The problem is not the current coming from the micro-inverter, it's the potential total current on the wire. If there is only the inverter on the line, it is safe. But here is a likely scenario which is the basis for the concerns:

You have a 15 Amp duplex outlet that is convenient to the inverter. Why stop at one? Use a power bar and plug in several of them, totally 600 Watts. No worries as that's only 10 Amps and the 14 AWG wire in the wall can handle that. Providing nothing else is plugged in to the same circuit, it is "dedicated" to conducting current from the inverters to the breaker panel.

Now most wiring has more than one outlet on it. Plug something into another outlet on the same circuit.
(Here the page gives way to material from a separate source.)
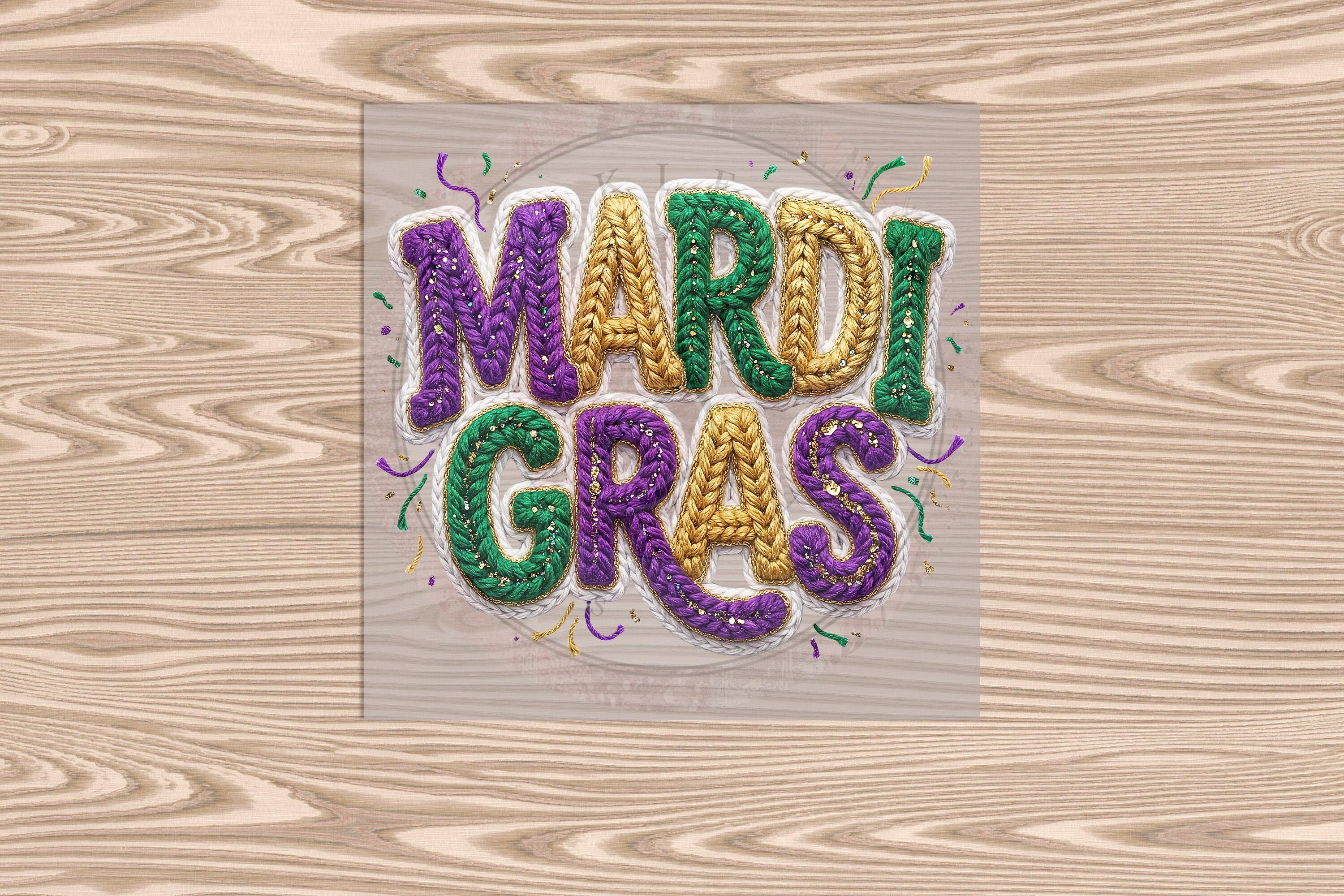 Ready to Press DTF Transfer- Mardi Gras -Faux Yarn - heat transfer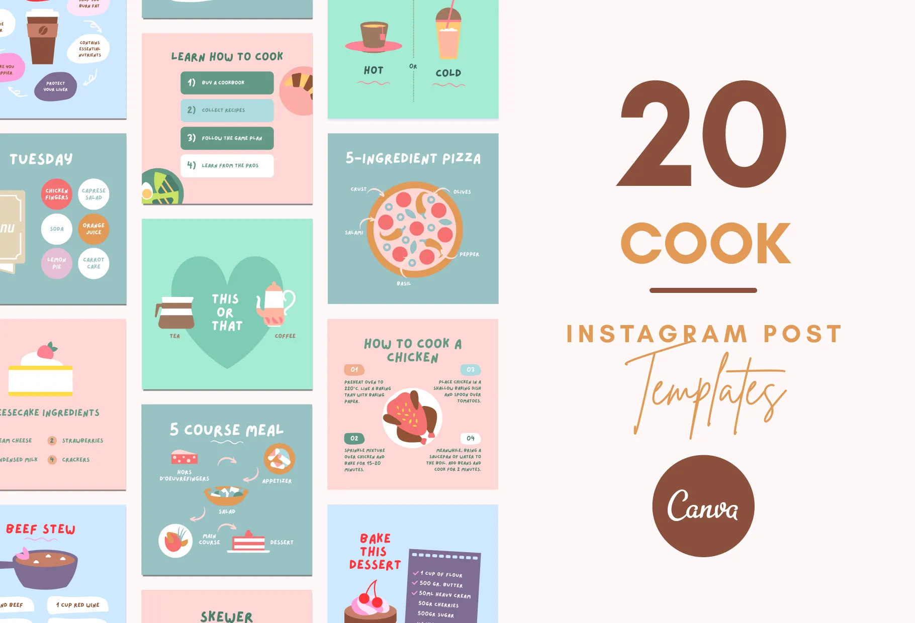 20 Cook Infographics Instagram Posts Fully Editable Canva Templates

As long as that draw is no more than 10 Amps everything is still fine, as regardless of the power source it will still only be 10 Amps on the wire.

But should the load on the wire exceed the wiring's limit of 20 Amps ... you have 15 Amps available from the breaker box and another 10 from the inverters. That's 25 Amps that can flow on wire designed not to exceed 20. No circuit protection on either end will trip; the wire will overheat and ignite.

Don't think this is unlikely to happen. One of the attractions of the plug-n-play is the ease of expandability, and it is likely that panels/inverters/plugs will all be located in the same spot and connect to the same circuit.

Did I mention the problem with unregistered GT systems causing some meters to spin forward instead of backward should production reach a surplus?

On the whole, this is equipment whose potential faults can not be avoided by any reasonable measure.

To use my example, when ten SGPVs produce 40 amps of current on a branch designed for 15 amps max, I agree that an overcurrent condition exists. And when that happens, each fuse in each SGPV blows, removing the source of the overcurrent. It would be pointless for the grid breaker to trip since this would do nothing to address the source of the overcurrent--which is not the grid but the ten SGPVs. Are you saying that the fuses in the SGPVs will not blow? Or that they won't blow fast enough? Or that even if they blow, the overcurrent condition will remain?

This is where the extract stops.